A variational PINN keeps the FEM test space but replaces the trial with a neural network: instead of solving a linear system for FE coefficients, you minimise the weak-form residual test-projected onto the FE basis. In jNO it is authored exactly like any other jno.fem problem — write the weak form with u = net(x,y) and hand it to jno.fem; no init_fem, no weak.assemble.

We solve Poisson \(-\Delta u = f\) on the unit square with exact \(u = x(1-x)y(1-y)\) (so \(f = 2[x(1-x)+y(1-y)]\)).

A network trial in the weak form

dom.fem_symbols() gives the trial symbol u and the FE test function phi. Build the trial from a network with a hard-BC ansatz that vanishes on the boundary, write the standard weak form, and jno.fem detects the network (a ModelCall) and returns a trainable test-projected residual:

u, phi = dom.fem_symbols()
xi, yi, _ = dom.variable("interior", split=True)
xb, yb, _ = dom.variable("boundary", split=True)
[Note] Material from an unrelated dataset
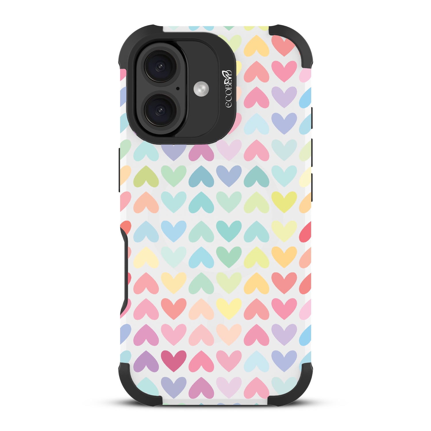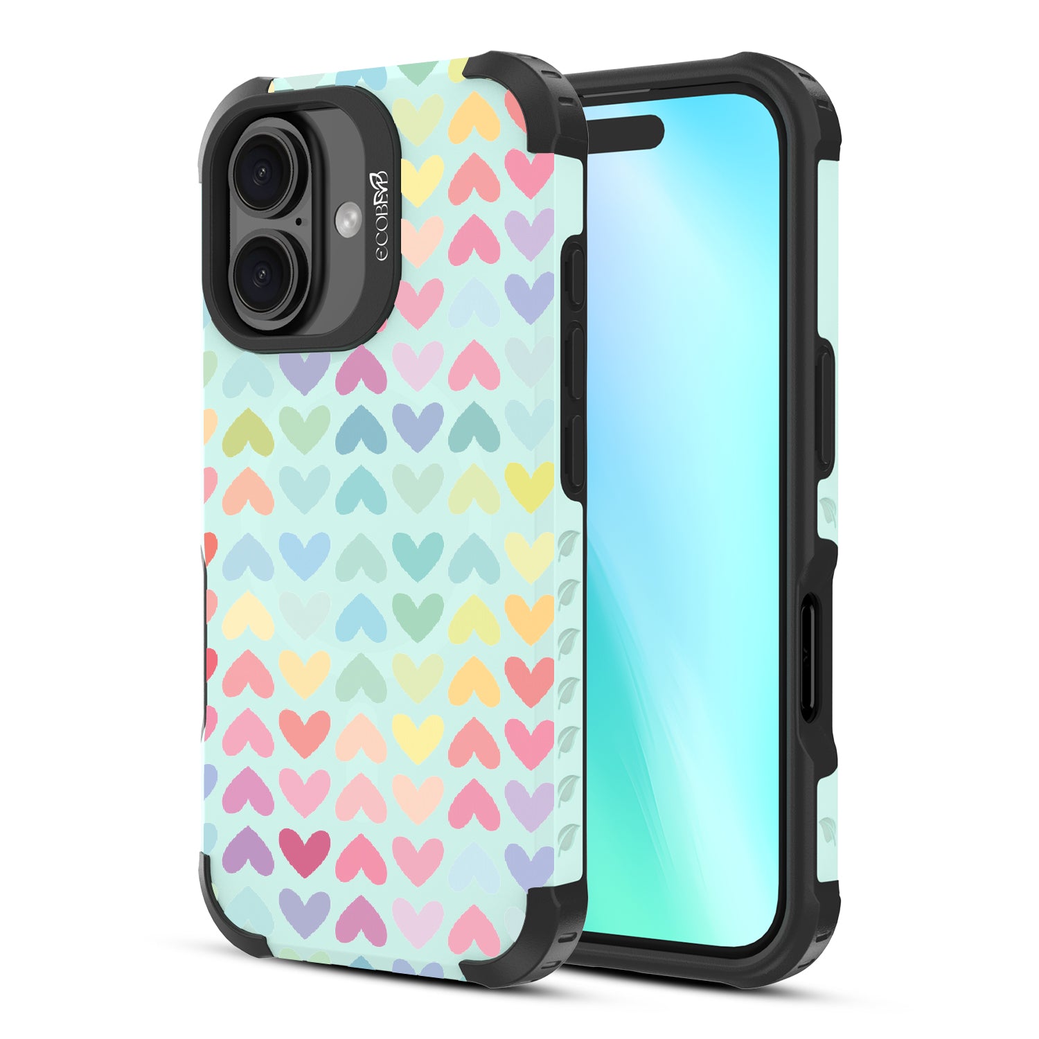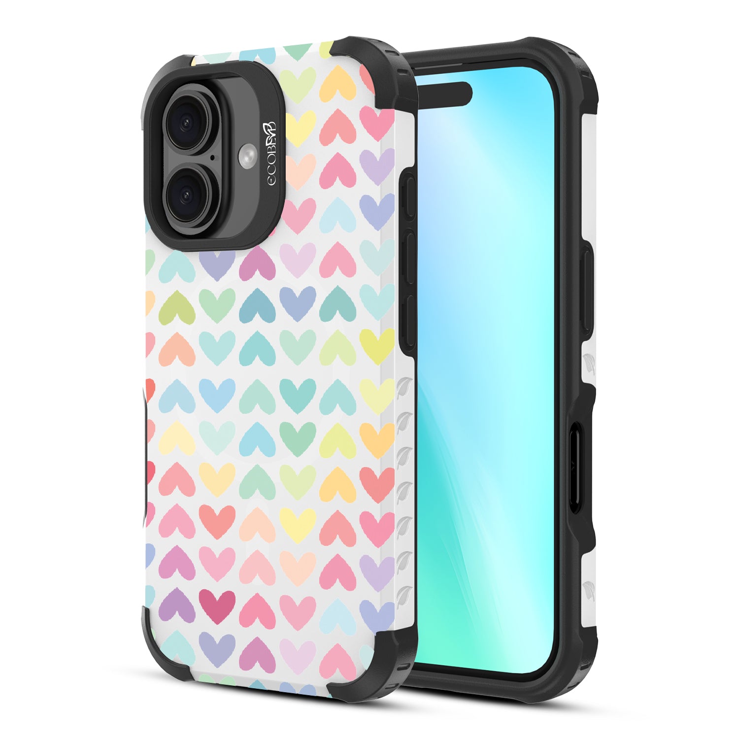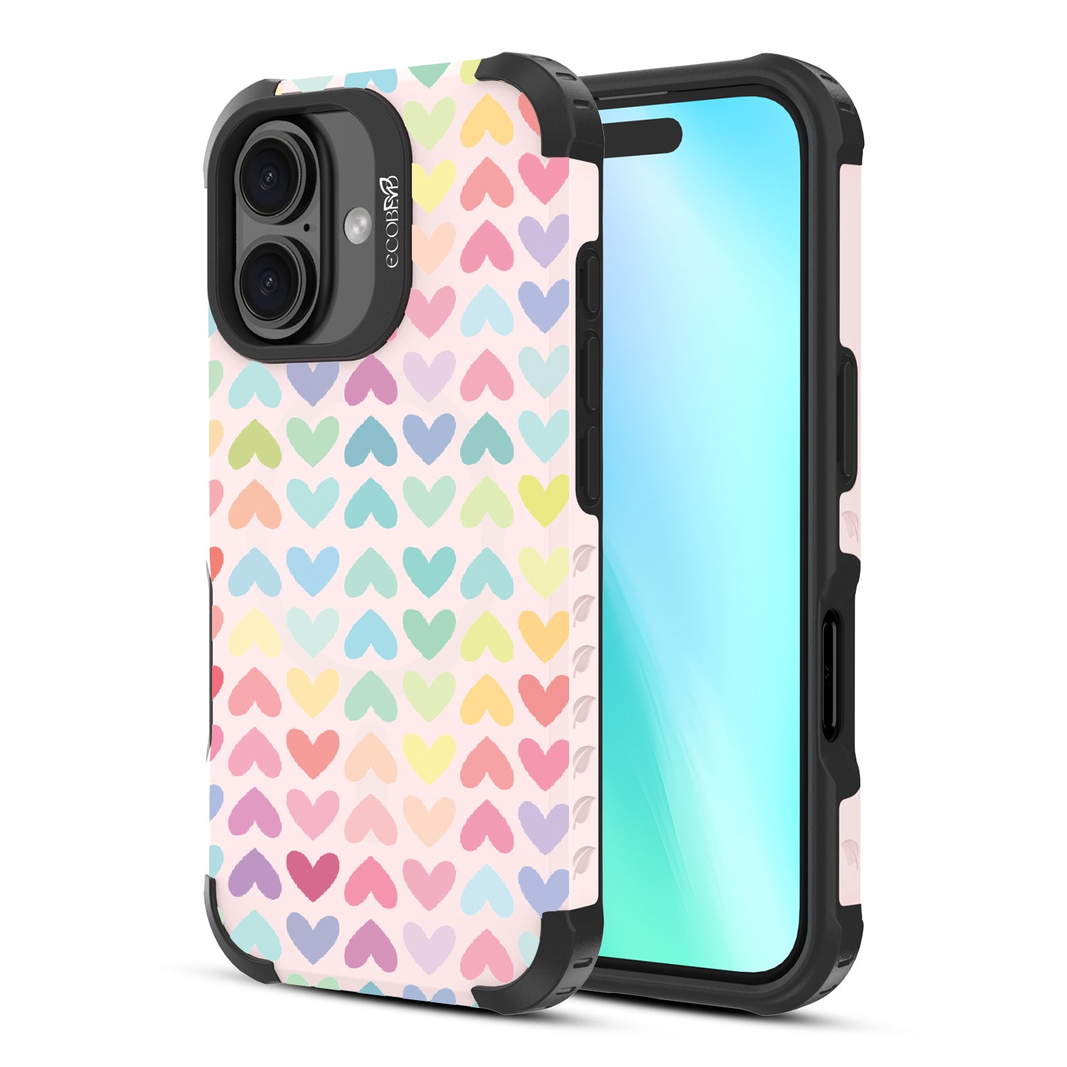 Let your phone spread love and equality with the colorful hearts of our Love Is Love design on our Reforge rugged iPhone 16 phone case.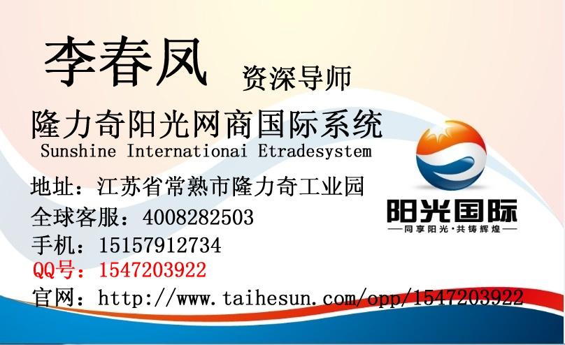 隆力奇陽光國際高級講師【李春鳳老師】QQ1547203922☆隆力奇陽光國際全球策略委員☆隆力奇陽光國際核心領(lǐng)袖☆隆力奇陽光國際創(chuàng)業(yè)導(dǎo)師如果您厭倦了為別人打工,以苦力交換金錢的生活;如果您厭倦了安利完美直銷的業(yè)績壓力和無奈的超前消費;如果您厭倦了東奔西跑而顧不了家的異地資本運作;如果您為急功近利玩時時彩或炒股輸?shù)煤軕K;開淘寶店為了買家而發(fā)愁;如果您經(jīng)營的其它事業(yè)并不順利;如果您很想自己當(dāng)老板并在家

u_net = net(xi, yi) * (xi * (1 - xi) * yi * (1 - yi))   # network trial, vanishes on the boundary
vi    = phi.bind(x=xi, y=yi)
f     = 2.0 * (xi * (1 - xi) + yi * (1 - yi))

pde = jno.fem([
    jnn.grad(u_net, xi) * jnn.grad(vi, xi) + jnn.grad(u_net, yi) * jnn.grad(vi, yi) - f * vi,
    u(xb, yb) - 0.0,                                     # Dirichlet declaration (see below)
])
jno.core([pde.mse], domain=dom).solve(2500)             # minimise the test-projected residual

The Dirichlet condition is not optional

u(boundary) - 0 looks redundant — the hard-BC ansatz already vanishes on the boundary — but it is required. It tells jno.fem which FE test functions live on the boundary so their residual is masked. A test function that does not vanish on the boundary carries the exact solution's \(\partial u/\partial n\) flux — an irreducible term that makes the loss minimum not the PDE solution, so training would diverge from it. With the declaration the residual is tested on the interior only and the network converges.

The result

VPINN solution and pointwise error vs the analytic solution

The trained network matches the analytic \(x(1-x)y(1-y)\) to rel-\(L^2 \approx 2\times10^{-3}\).

What to notice

  • Same entry as FEM. A network trial vs an FE trial is the only difference; jno.fem routes by detecting the ModelCall, and the returned .mse is an ordinary jNO loss for jno.core.
  • Declare the Dirichlet boundary (u(boundary) - g) so its test functions are masked.
  • Single-field 2-D/3-D for now (1-D and coupled multi-field raise a clear error).